(Problem requirements): A word-for-word copy of the data is what's wanted, with no pictures.

(Dataset extract):
--------------------------------------------------
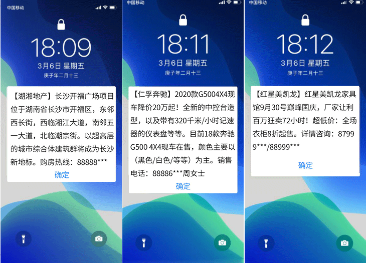 閃信群發,高到達率,高閱讀率,低攔截率,閃信彈屏、直接閱讀,短信內容不留存手機,精準推送,無攔截無打擾、閱后即焚。
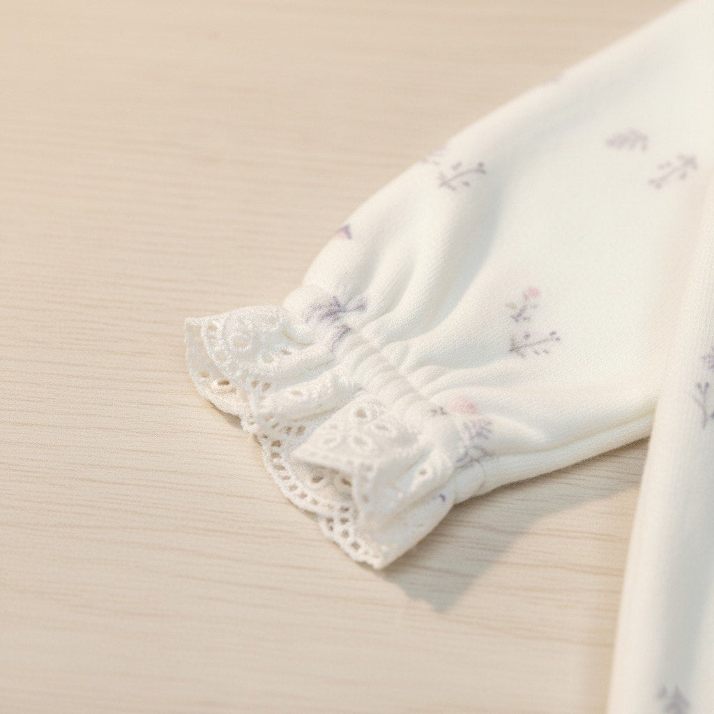 Grenouillère bébé en velours doux, décorés de petites fleurs, Confortable et chaude, idéale pour un sommeil paisible. صور حقيقية
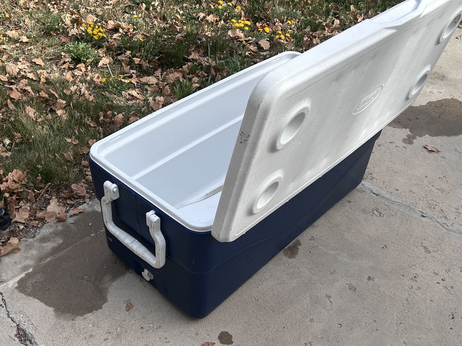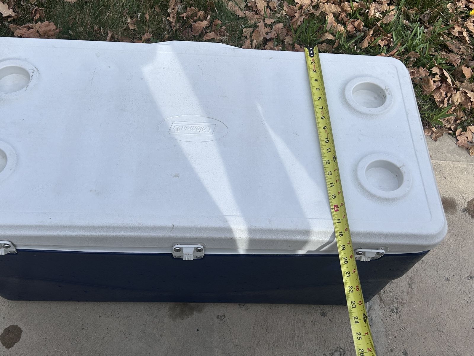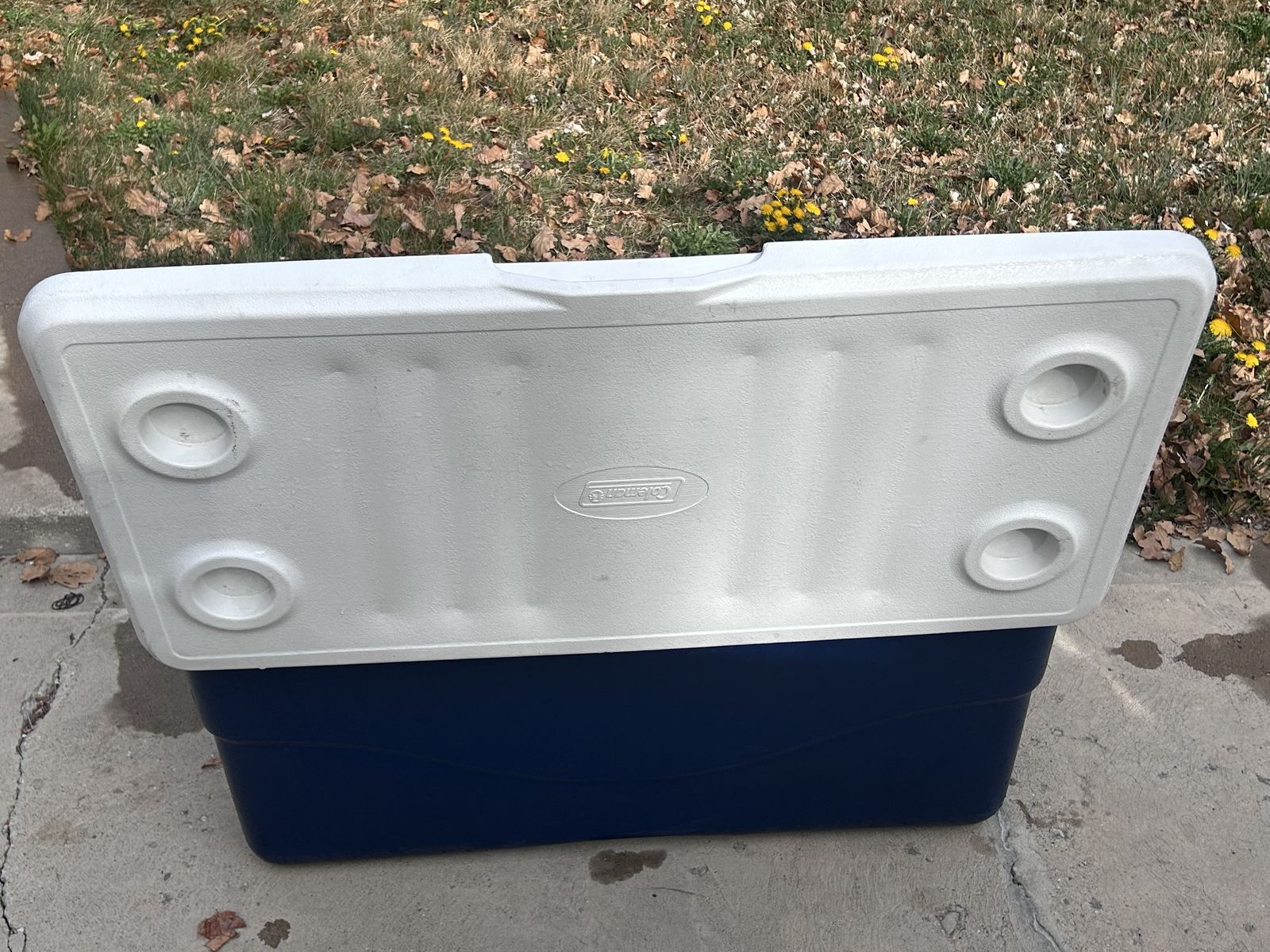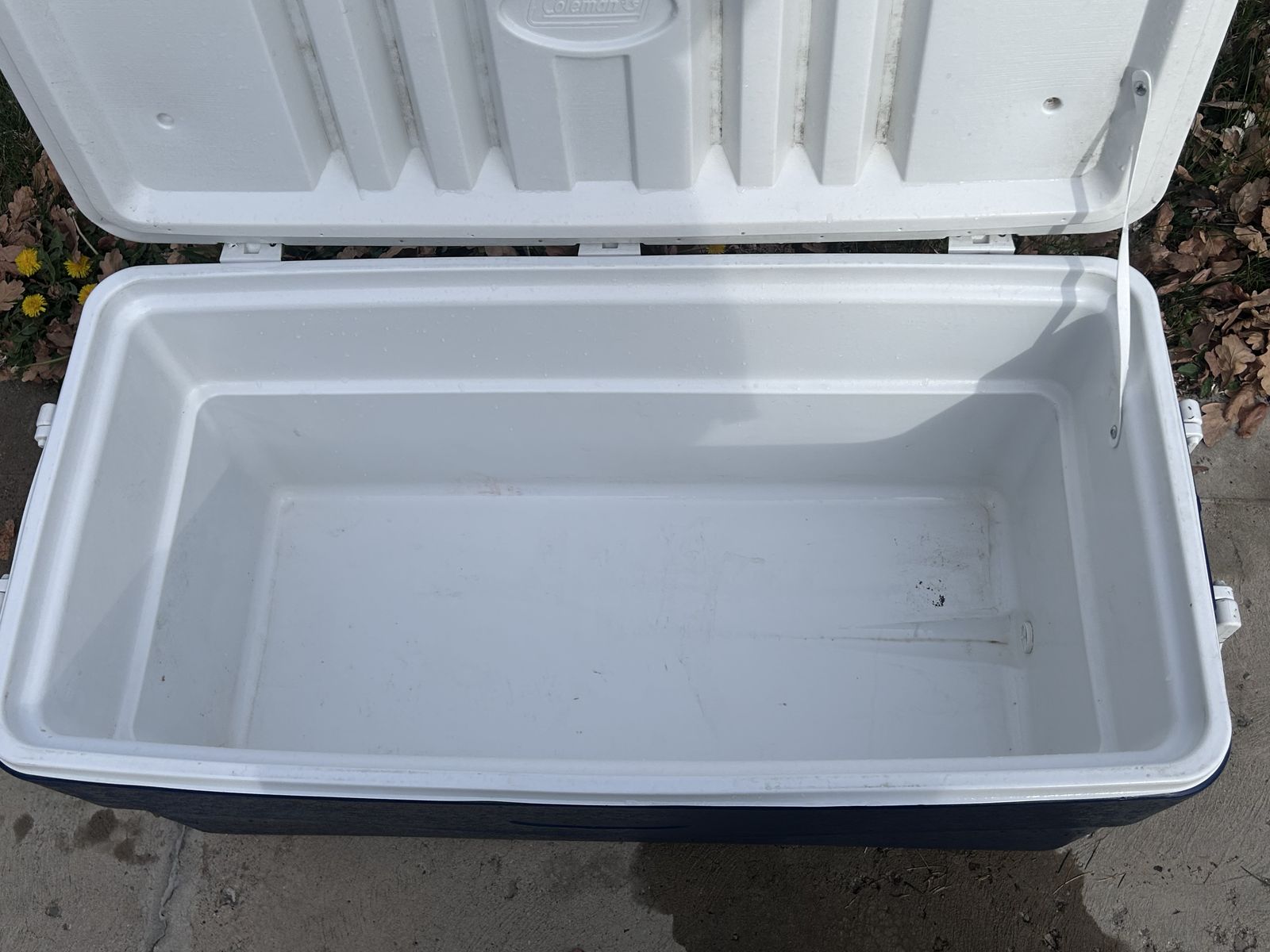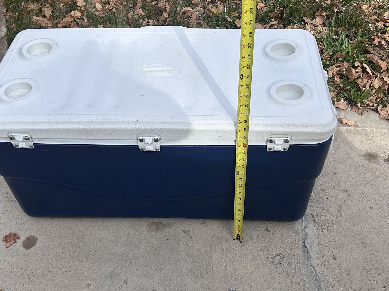 Large Coleman cooler with handles and drain feature. Reinforced hinges. Works great. Call or text Dylan 801-897-4263
--------------------------------------------------
(Solution for this exercise):
 閃信群發,高到達率,高閱讀率,低攔截率,閃信彈屏、直接閱讀,短信內容不留存手機,精準推送,無攔截無打擾、閱后即焚。
 Grenouillère bébé en velours doux, décorés de petites fleurs, Confortable et chaude, idéale pour un sommeil paisible. صور حقيقية
 Large Coleman cooler with handles and drain feature. Reinforced hinges. Works great. Call or text Dylan 801-897-4263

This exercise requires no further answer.